The Lincoln Highway by Amor Towles
In June 1954, the warden of the juvenile work farm where Emmett Watson, then 18 years old, had recently completed a fifteen-month sentence for involuntary homicide, drove him back to Nebraska. Emmett plans to travel to California with his brother Billy, age 8, so they can begin a new life there after losing their mother and father, respectively, and the family farm to bank foreclosure. Nevertheless, as the warden pulls away, Emmett notices that two of his work-farm friends had snuck inside the car’s trunk. They have come up with a completely new strategy for Emmett’s future, one that will send them all on a perilous voyage in the opposite direction—to the City of New York.
The Lincoln Highway by Amor Towles
209 used from $3.31
Free shipping
The Watson brothers, Emmett, who was 18 at the time, and Billy, his younger brother, were the two main characters in this work of fiction. It was June 1954, and the setting was a bankrupt farm in rural Nebraska. After Emmett’s father passed away from cancer, the decision was made to let him go so that he could go back home and take care of his younger brother. Emmett had been serving a sentence at a boy’s reformatory for his role in the inadvertent death of a neighbourhood bully. While the bank was putting together the paperwork to foreclose on the family home, Billy had been staying with neighbours while he awaited his brother’s arrival. The Watsons’ friend Sally, who is 19 years old, and her father were the next-door neighbours.

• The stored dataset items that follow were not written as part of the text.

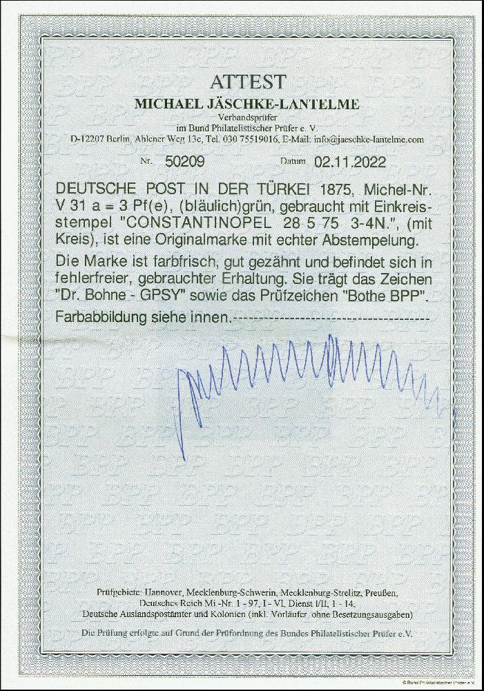 | Prüfgebiet: | Deutsche Auslandspostämter Türkei |
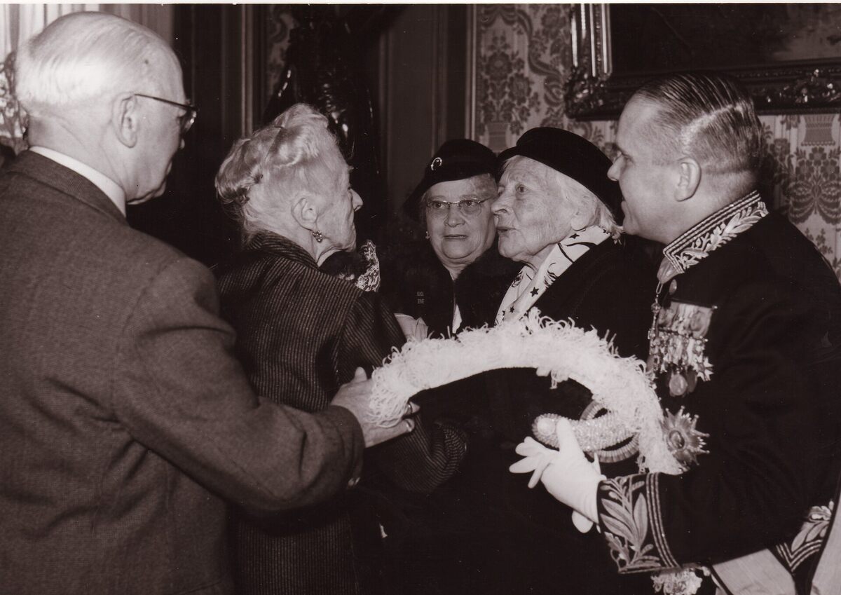 Formaat : 13 x 18 cm. - De 100-jarige Mathilde Desmet in gesprek met een andere eeuwelinge. Rechts staat burgemeester Adolf Van Glabbeke.
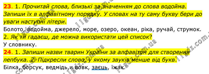 23. 1. Прочитай слова, близькі за значенням до слова водойма. Запиши їх в алфавітному порядку. У словах на ту саму букву бери до уваги наступні літери. Болото, водойма, джерело, море, озеро, океан, ріка, ручай, струмок. 2. Як ти гадаєш, де можна використати цей список? У словнику. 24. 1. Запиши назви тварин України за алфавітом для створення лепбука. 2. Підкресли слово, у якому звуків менше від букв. Білка, борсук, ведмідь,и вовк, заєць, їжак.
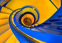 Wenteltrap in geel en blauw met een fraaie lijnwerking.
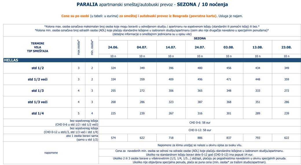 Ukoliko jedna osoba boravi sama u 1/3+1, 1/4, 1/5, 1/6... std/apt plaća 2 cene iz kolone broj osoba za 3 ADL: 1 cenu iz tabele za autobuski i 1 iz tabele za sopstveni prevoz. |

Sally was quite direct to the point of being resentful of her lot in life, which seemed to be caring for her father until another guy for her to care for would appear. But, she loved Billy with the ferocity of a mother hen guarding her sole chick. Emmett, who had been completing his time on a farm in Salina, Kansas, was being taken back to Nebraska by the reformatory warden when the narrative began.

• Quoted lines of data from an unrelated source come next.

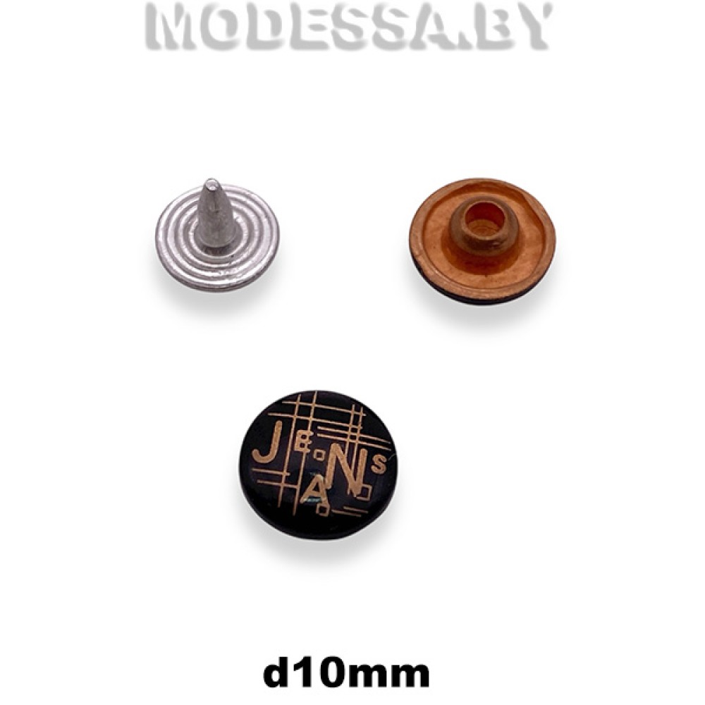 Заклёпка металлическая "Jeans" (хольнитен). Диаметр 10мм. Металлическая заклёпка или хольнитен — это декоративный элемент, придающий изделиям дополнительную прочность. Позволяет надежно соединить ткань в местах, подвергающихся нагрузкам. Хольнитены используются для укрепления швов на одежде, особенно на джинсах, куртках, сумках и рюкзаках и т. д.
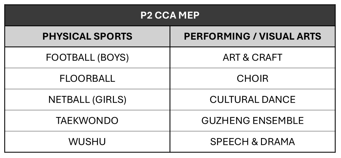 The following CCA is open to all Primary 3 to Primary 6 students and is designed to provide students with opportunities to explore their interests, develop new skills, and engage with their peers. Participation in CCA is highly encouraged and is an integral part of a well-rounded education. To ensure that students have the chance to focus and develop their skills in a single area, each student is limited to participating in only one CCA from any of the available groups.
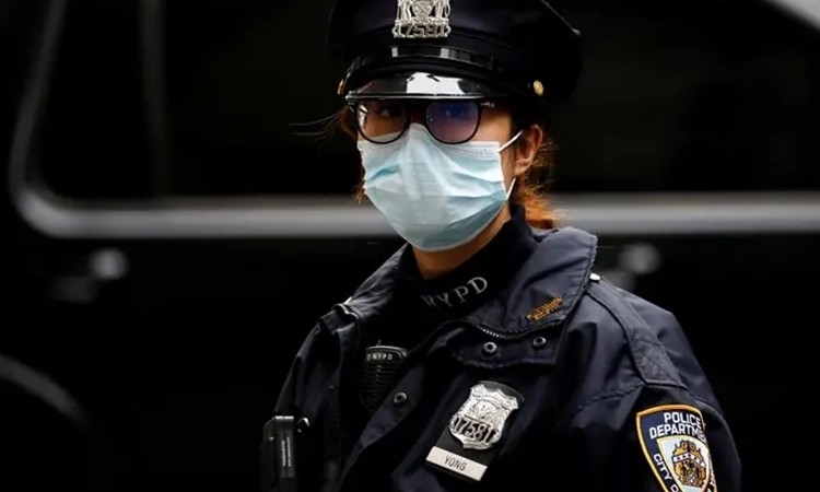 Sĩ quan cánh sát New York thực hiện nhiệm vụ ở Manhattan hồi tháng 3/2020. Ảnh: Reuters.

Emmett intended to pick up his brother, spend one or two more days in the farmhouse, and then travel to Texas with Billy where he planned to make a fortune through the purchase, renovation, and sale of homes, all of which would be financed by the $3,000 secret nest egg that their father had hidden from the bank’s creditors. Billy, however, had other plans. A stash of mother-written postcards that their father had hidden from the boys after she left the household several years prior had been discovered by him. The cards’ postmarks and comments revealed that their mother had left the family and was on her way to California along the Lincoln Highway, the country’s first transcontinental paved thoroughfare.
(The Lincoln Highway connected Lincoln Park in San Francisco to Times Square in New York City. The farm of the Watsons was about halfway along the road.) Billy, who was only a newborn when their mother departed, however, was more interested in reuniting with her than Emmett. Finally, he persuaded Emmett that California was expanding more quickly than Texas and would be a better location for his home improvement plans.
But as the warden and Emmett were getting ready to leave Salina and go for Nebraska, Duchess and Woolly, two other young men who were serving time at the prison in Salina with Emmett, showed up at the Watson’s farm after having stowed away in the trunk of the warden’s car. As the itinerant vaudeville performer’s kid, Duchess spent much of his childhood travelling in and around New York City.
Woolly was the child of a wealthy New York family. Duchess, a seductive manipulator and planner, asked Emmett to take them to New York so Woolly could access a sum of money (in this case, $150,000) that his grandfather had placed in the family safe as a “trust fund.” They would divide the trust three ways if Emmett drove them, and Emmett would be well on his way to becoming a significant homebuilder in California.
Emmett, who believed he was considerably more intelligent than the other two former reformatory inmates, initially declined, but he ultimately consented to make the extra effort to drive the escapees to Omaha’s railway station so they could catch a train for New York City. The Watson brothers were left stranded in rural Nebraska by Duchess and Woolly as they left for New York as they were travelling to Omaha. Emmett had managed to divert himself from another of Duchess’s follies long enough for Duchess to “steal” his car.
Sally responded to Emmett’s call and drove them to the Omaha railway station, where Emmett planned to board a train and travel to New York City to retrieve his automobile. But, Emmett discovered his money, the nest egg of $3,000, after Sally left them at the train station. It was still in his car’s trunk, hidden beneath the spare tire. He identified an express freight train travelling to New York City after doing some thorough investigation, and he and Billy hid in a boxcar.
From there, Emmett and Billy Watson set out on a journey that was filled with unique experiences and run-ins with people who were eerily similar to those Huck and Jim encountered when paddling their raft down the Mississippi in a bygone period.
The Lincoln Highway is a character-driven drama that moves forward thanks to the narrators of each significant character. Readers can have a more complete understanding of what is actually happening because of the way it is presented, which also heightens the story’s suspense.